2.4.3. Optical Properties of Films

The light transmittances of the CNF, DACNF, and redispersed DACNF films (30 g/m²) at 400–800 nm are shown in Figure 6b. The optical properties were primarily influenced by the MD size and diameter distribution of the CNFs. Consequently, the CNF_CF film exhibited a very low light transmittance. Compared with CNF films of the same thickness reported in the literature, the transmittance of the CNF_BH film was similar to that of purely mechanically prepared CNFs film from hardwood pulp [21]. The DACNF films showed the highest transmittance due to their small and relatively uniform fibrils size, resulting in a reduced scattering effect of ultraviolet light. The D-DACNF_CF and D-DACNF_BH films showed low light transmittance due to the pore structure and fibril agglomerations on their film surfaces. After concentration and redispersion, the transmittance of the D-DACNF_CF film experienced a reduction of 3.99%, whereas the D-DACNF_BH film showed a more significant decrease of 20.12%. This indicates that DACNF_CF had a relatively good redispersibility.

2.4.4. Swelling Capacity and Hydrophobicity of Films

The swelling capacities of the CNF, DACNF, and D-DACNF films are shown in Figure 6c. For all the films, as the immersion time increased, the swelling ratio showed a relative increase, particularly in the initial 5 min. Among all the films, the CNF_BH film showed the highest swelling rate, reaching 125%, which is approximately twice that of the CNF_CF film. This could be explained by the low crystallinity and relatively high hemicellulose content of CNF_BH, which allowed it to absorb more water. The oxidation combined with homogenization resulted in a significant decrease in the swelling rate of the CNF films. Specifically, the swelling rates of the CNF_CF and CNF_BH films decreased by 60.86% and 57.22%, respectively. This was due to the smooth surface and low pore structure of the DACNFs, which generated a strong capillary force on the film surface, impeding the entry of water molecules [45]. Duran et al. observed the same trend in the rate of moisture sorption when introducing aldehyde into CNFs [46]. After 120 min of immersion, the swelling ratio of the D-DACNF films exceeded that of the DACNF films slightly, owing to the relatively rough surfaces and the intervals formed between fibrils.
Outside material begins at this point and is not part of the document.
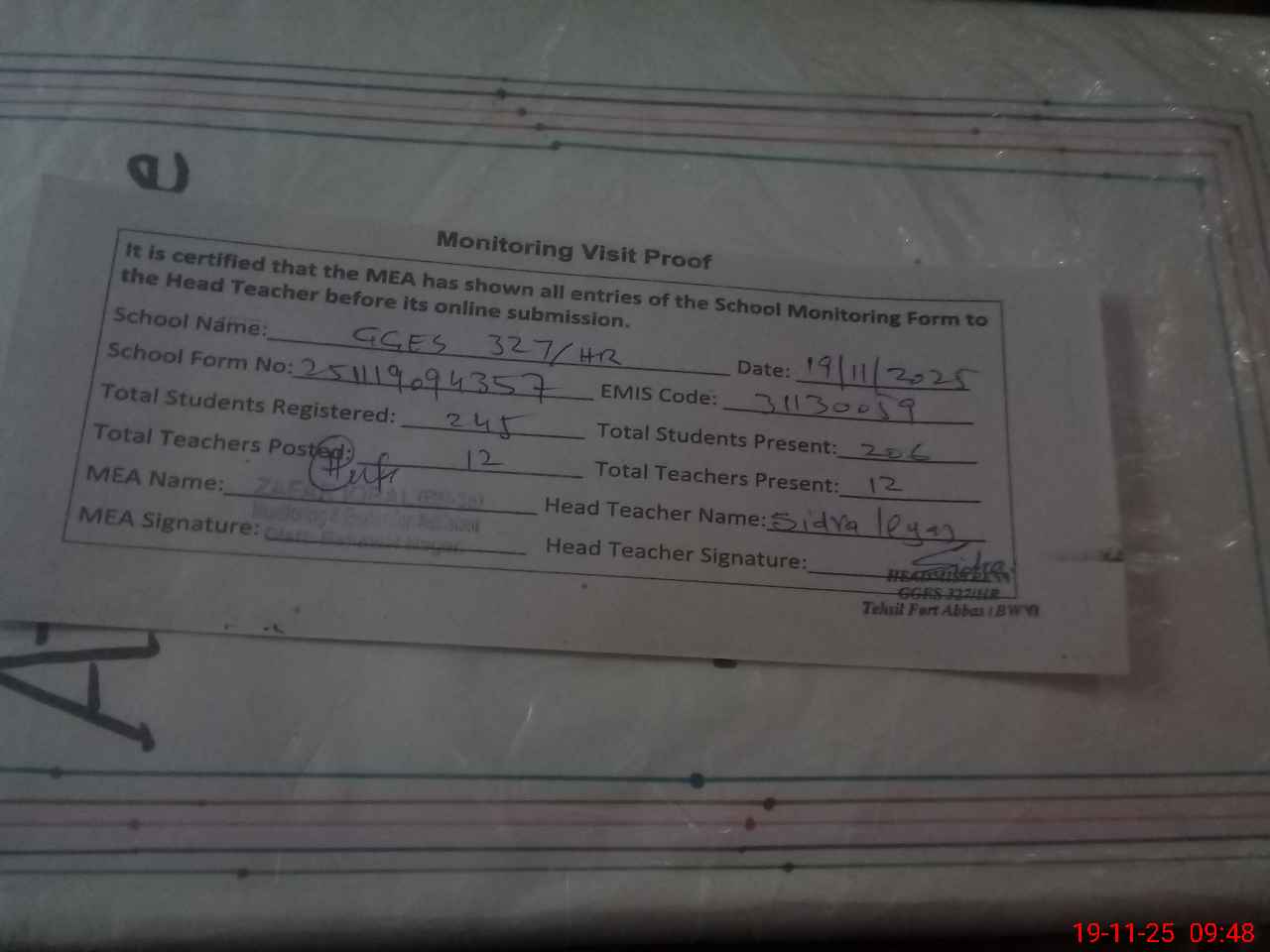 | Certified that this School was Inspected by the Undersigned MEA/DMO Today and the Information Stated Above is as Per Record. | |||||

This result was supported by the SEM images and the roughness of films presented in Figure 5.

The hydrophilic properties of the CNFs, DACNFs, and redispersed DACNFs were also characterized. The water contact angle results for the films are presented in Figure 6d. Both the CNF_CF and CNF_BH films were hydrophilic because they showed low contact angles. This also indicates their richness in hydroxyl groups. The introduction of an aldehyde group via the periodate oxidation was found to have significant impacts on the hydrophobicity of the films. The water contact angles of the DACNF_CF and DACNF_BH films were 59.26° and 90.74°, respectively, which are significantly higher than those of CNFs. This was due to the introduced aldehyde groups reducing the number of hydroxyl groups that could interact with water molecules. This result is in agreement with earlier reports that found hydrophobicity increased when the aldehyde group was introduced [47].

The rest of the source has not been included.